Ильич был необычайно скромен и непритязателен. Очень редко он обращался к кому-либо с личными просьбами, а если и просил что-нибудь для себя, то именно просил, а не требовал, неизменно вежливо, деликатно, явно не желая обременять кого-либо своими личными нуждами.
Сижу я как-то у себя в комендатуре, вдруг открывается дверь – на пороге Владимир Ильич, в шубе, шапке, как видно, едет на собрание или на митинг. В руках небольшая изящная деревянная шкатулка.
– Товарищ Мальков, у вас найдется пара минут?
Я вскочил.
– Владимир Ильич, да я…
Он замахал рукой.
– Сидите, сидите. Я ведь по личному делу.
Вид у Ильича какой-то необычный, пожалуй, даже чуть-чуть смущенный. Бережно протягивает мне шкатулку.
– Если вам не трудно, откройте эту шкатулочку, никак у меня не получается. Только, пожалуйста, осторожно, поаккуратнее, не испортьте. Я очень дорожу ею, тут письма от моей мамы.
«От мамы» – так и сказал!
– Владимир Ильич, я сейчас же сделаю.
– Зачем же сейчас?

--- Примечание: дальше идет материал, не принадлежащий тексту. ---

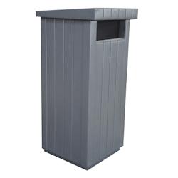 Corbeille en plastique recyclé - DELTA"Le mobilier urbain utile et responsable"Caractéristiques : - Corbeille classique 130 litres avec ou sans couvercle (noir) - Dimensions : 49 x 49 x 80 (ht) cm - Support sac élastique intérieur - Poids : 43 kg (couvercle : 2 kg) - Autostable ou à fixer
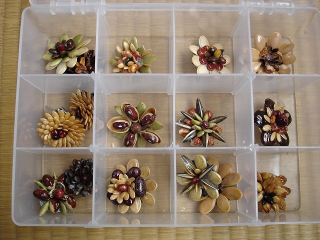 加賀屋さんの女将による、木の実を使ったブローチ作りです。
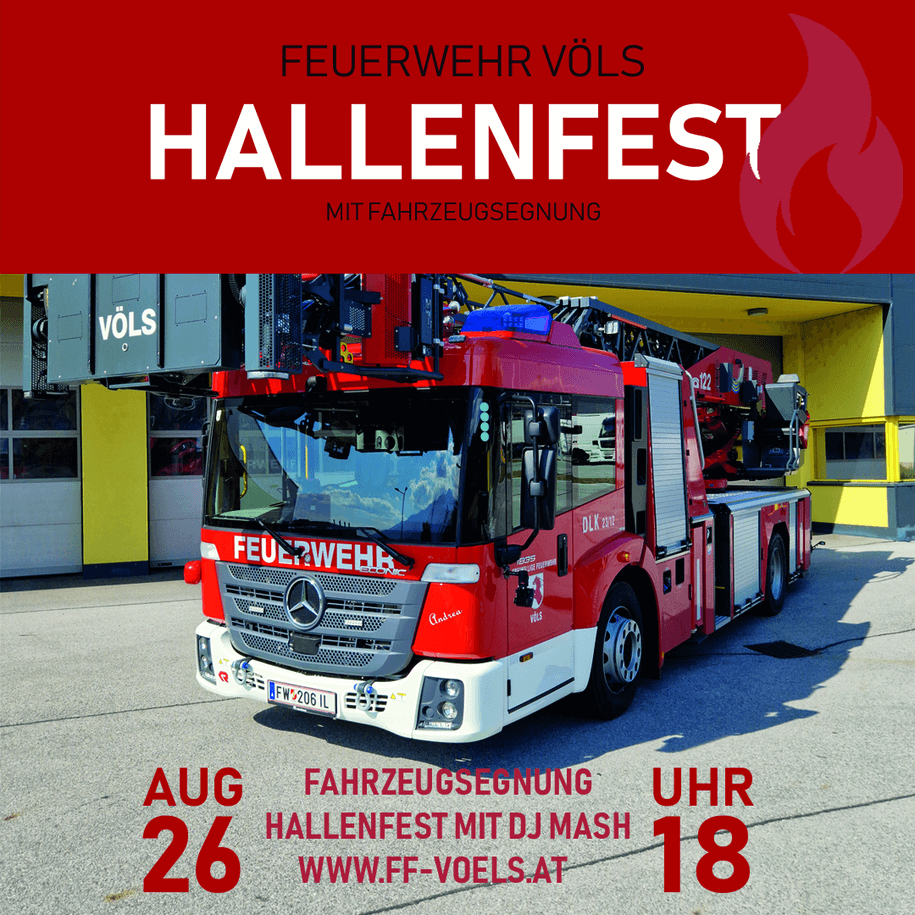 Am 26. August um 18:00 Uhr findet unser Hallenfest sowie die Segnung unserer neuen Drehleiter im Feuerwehrhaus, Florianiweg 6 in Völs statt.

Что вы? Когда время найдется, тогда и откроете. Сейчас я все равно уезжаю. Только, пожалуйста, сегодня. Пока поберегите ее, а когда вернусь, тогда и отдадите.
Владимир Ильич ушел, а я принялся за шкатулку. Взял ее бережно, осторожно, не только что поцарапать, старался не дышать на нее. Провозился с полчаса, открыл. С какой радостью вернул я ее Ильичу, когда он приехал!
Взял Ильич шкатулку, любовно погладил се полированную поверхность, глянул на меня вприщур:
– Спасибо, товарищ Мальков, большое спасибо!..
Когда достали мы халву, я роздал ее работникам Совнаркома, ВЦИКа, Ревкома. Несколько фунтов выделил для Ильича и сам отнес к нему в комнату.
Проходит несколько часов, стук в дверь.
– Войдите!
Входит Надежда Константиновна и кладет мне на стол сверток с халвой.
– Желтышев сказал, что это вы принесли, товарищ Мальков. Спасибо большое, только нам не надо, спасибо. Хоть тут и немного, только вы поровну между всеми товарищами разделите.
– Надежда Константиновна, помилуйте, да у нас этой халвы сколько угодно, я не только вам, всем дал.
– Ну тогда иное дело. Только все равно вы ее возьмите, дайте кому-нибудь другому.
– Другому? Но почему? Быть может, Владимир Ильич не любит халвы?
– Да нет, любить-то еще как любит, только, знаете, она ведь дорогая, а у нас сейчас денег нет. Вы уж извините.
– И не просите, Надежда Константиновна. Не возьму. А о деньгах не думайте. Халва бесхозная, так что раздаем мы ее бесплатно.
Еле-еле уговорил Надежду Константиновну взять халву.
* * *В 1917 году Ленин ездил и ходил всюду без всякой охраны. Очень меня это беспокоило. Несколько раз пытался я говорить на эту тему с Владимиром Ильичей, он только рукой махал:
– Помилуйте, батенька, только этого недоставало!
Спорить с ним было бесполезно.
Говорили с Владимиром Ильичей об охране и Яков Михайлович и Феликс Эдмундович, но и они ничего не добились. А ведь Владимир Ильич не только постоянно выезжал из Смольного, частенько под вечер он отправлялся пешком вдвоем с Надеждой Константиновной побродить по улицам, отдохнуть от нечеловеческого напряжения. Пешие прогулки, как я заметил, были излюбленным отдыхом Владимира Ильича.
В 1917 году Ленина, правда, немногие знали в лицо, портретов его еще не публиковалось, но все же мало ли что могло случиться. Когда Владимир Ильич отправлялся на очередную прогулку, на сердце у меня бывало неспокойно. Не говоря ничего Ильичу, я строго-настрого приказывал часовым не спускать глаз с него и Надежды Константиновны, когда они гуляли невдалеке от Смольного, но делать это так, чтобы не попасться Ильичу на глаза. (Знал: заметит, будет сердиться.) А уж если кто чужой к ним приблизится да покажется подозрительным, тут действовать решительно, оберегая Ильича от возможной опасности.
Делать это было сравнительно легко, потому что вокруг Смольного постоянно выставлялись подвижные посты, которые следили, чтобы не было скопления подозрительной публики.